(PROBLEM DETAILS) Could you print the stretch of lines below from the one with "さきほどオイルパンを脱着した" through the one with "轮换关卡,乞丐版490000,两个5星厨师都只有2阶~😃", exactly as they stand and without any pictures?
-------- INFORMATION GIVEN
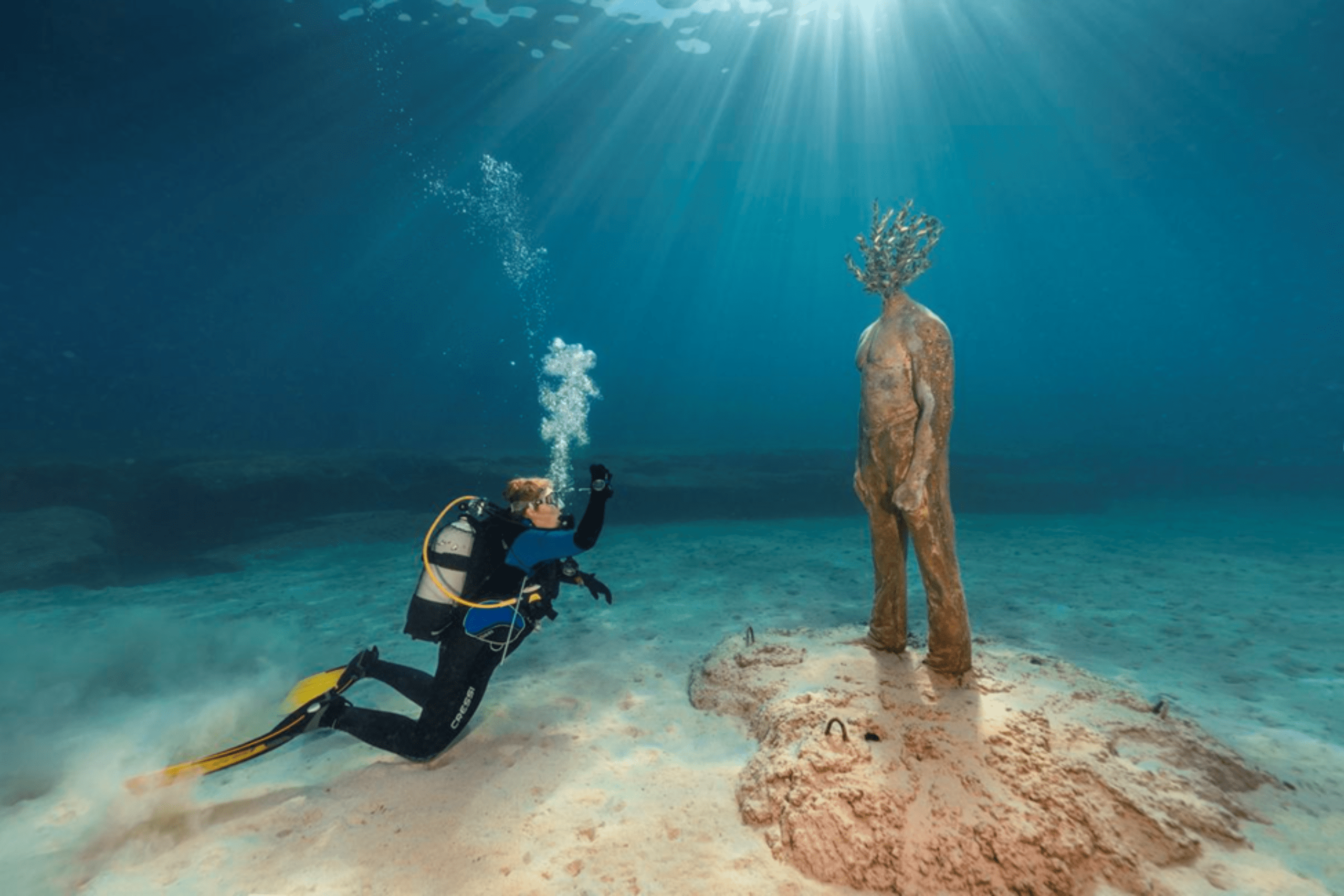 The Museum of Underwater Sculpture Ayia Napa, or MUSAN, opened in August 2021 as Cyprus’s first underwater forest and sculpture park. Located off Pernera Beach between Protaras and Ayia Napa at depths of 8 to 10 meters, the installation features 93 sculptural elements created by British artist Jason deCaires Taylor, covering approximately 1,000 square meters of previously barren seabed.
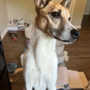 Roger is a brown and white basenji. He’s very friendly and will come when called. He has seizures and requires medication.
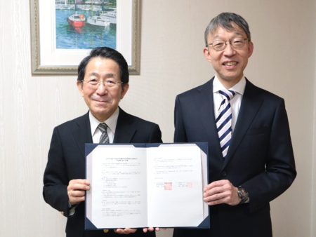 (左)明治薬科大学 越前宏俊 学長 (右)豊島病院 畑明宏 院長
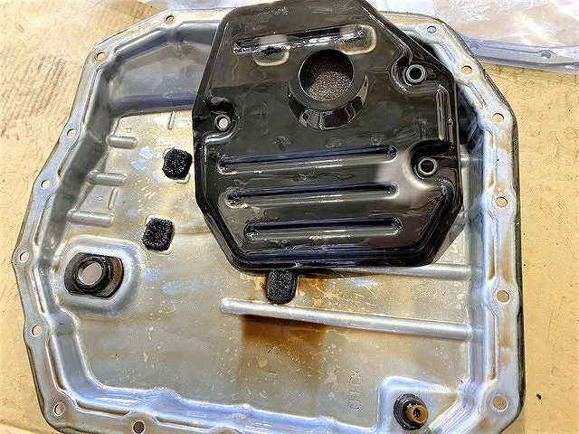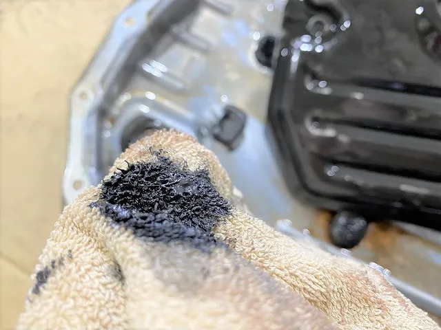 さきほどオイルパンを脱着した際に4リットルほどは廃オイルが抜けたはずなのですが、トランスミッション内部に残留しているCVTフルードがまだまだこれだけ残っているんだと実感する1枚です。
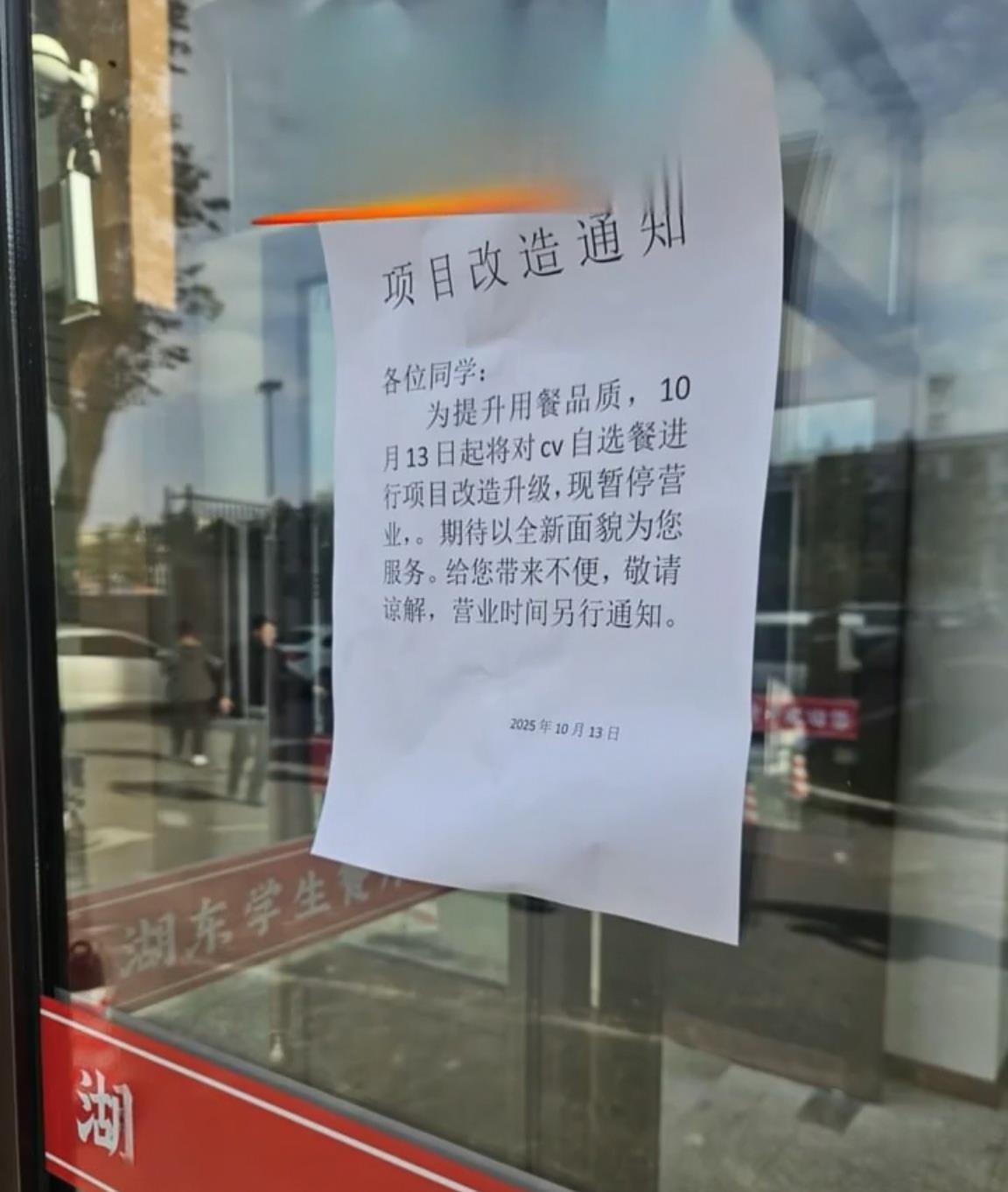 13日,该食堂贴出项目改造通知称:为提升用餐品质,10月13日起,将对CV自选餐进行项目改造升级,现暂停营业。期待以全新面貌为您服务,给您带来不便,敬请谅解,营业时间另行通知。
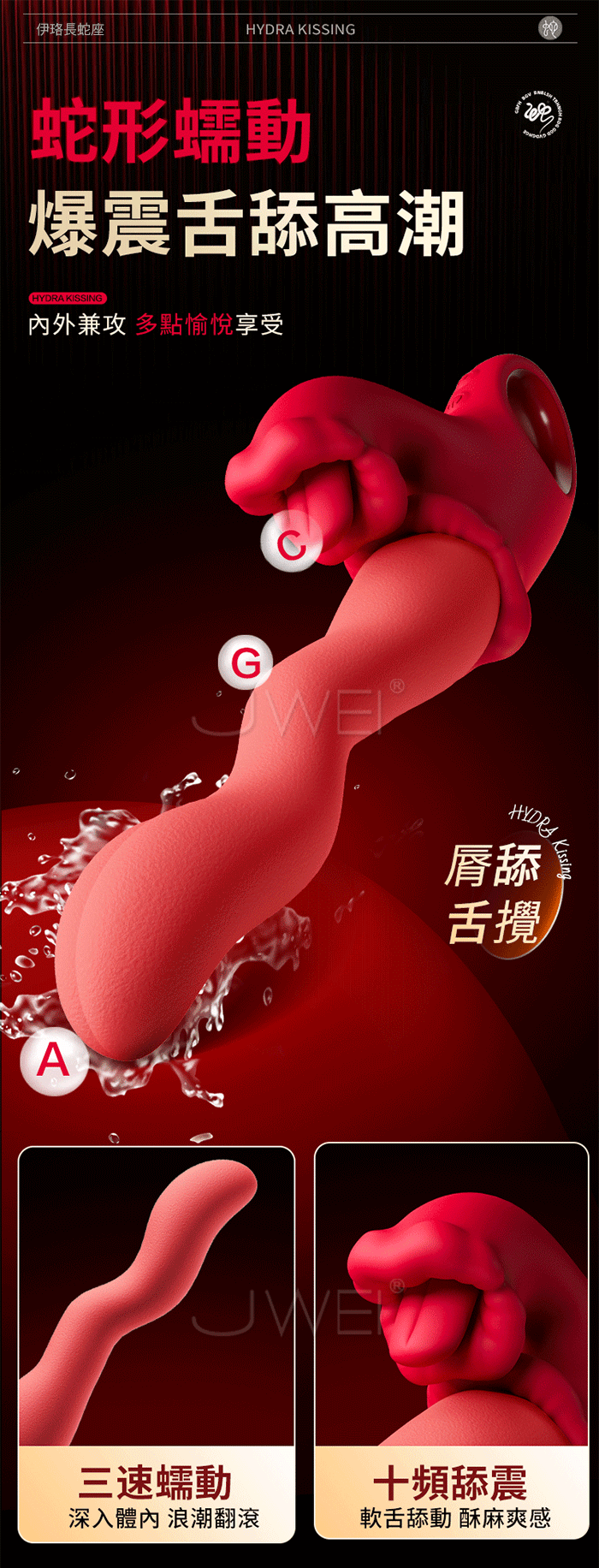 1.蛇形分段式蠕動,波浪刺激 2.強震舌舔,深入銷魂 3.尺寸適中,不撐大私處 4.雙震拍打,內外爆激 5.液態矽膠,安心可口含 6..全身防水,玩法多樣 7.磁吸充電,長效續航 產品規格 ■尺寸:大小詳如圖片標示 ■材質:TPE+ABS ■功能:3速蠕動、10頻震動
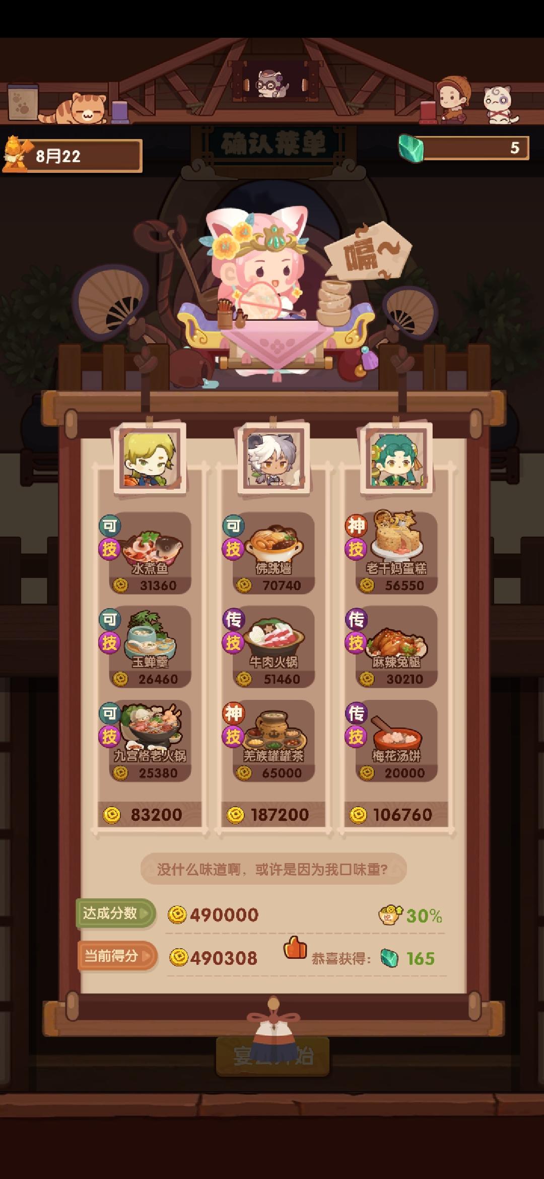 轮换关卡,乞丐版490000,两个5星厨师都只有2阶~😃
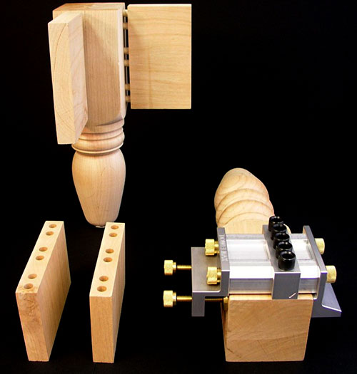 This picture shows a 1×6 to 2×2 multiple dowel wood joint configuration used for building furniture like a do it yourself end table, using the 3/8 inch spacer to create a 3/8 inch offset and the index pin to extend the dowels along the wood joint work piece. An example of an application of this multiple dowel wood joint configuration is the end table frame shown on the Dowelmax furniture page.
----------------
(ANSWER AREA)
 さきほどオイルパンを脱着した際に4リットルほどは廃オイルが抜けたはずなのですが、トランスミッション内部に残留しているCVTフルードがまだまだこれだけ残っているんだと実感する1枚です。
 13日,该食堂贴出项目改造通知称:为提升用餐品质,10月13日起,将对CV自选餐进行项目改造升级,现暂停营业。期待以全新面貌为您服务,给您带来不便,敬请谅解,营业时间另行通知。
 1.蛇形分段式蠕動,波浪刺激 2.強震舌舔,深入銷魂 3.尺寸適中,不撐大私處 4.雙震拍打,內外爆激 5.液態矽膠,安心可口含 6..全身防水,玩法多樣 7.磁吸充電,長效續航 產品規格 ■尺寸:大小詳如圖片標示 ■材質:TPE+ABS ■功能:3速蠕動、10頻震動
 轮换关卡,乞丐版490000,两个5星厨师都只有2阶~😃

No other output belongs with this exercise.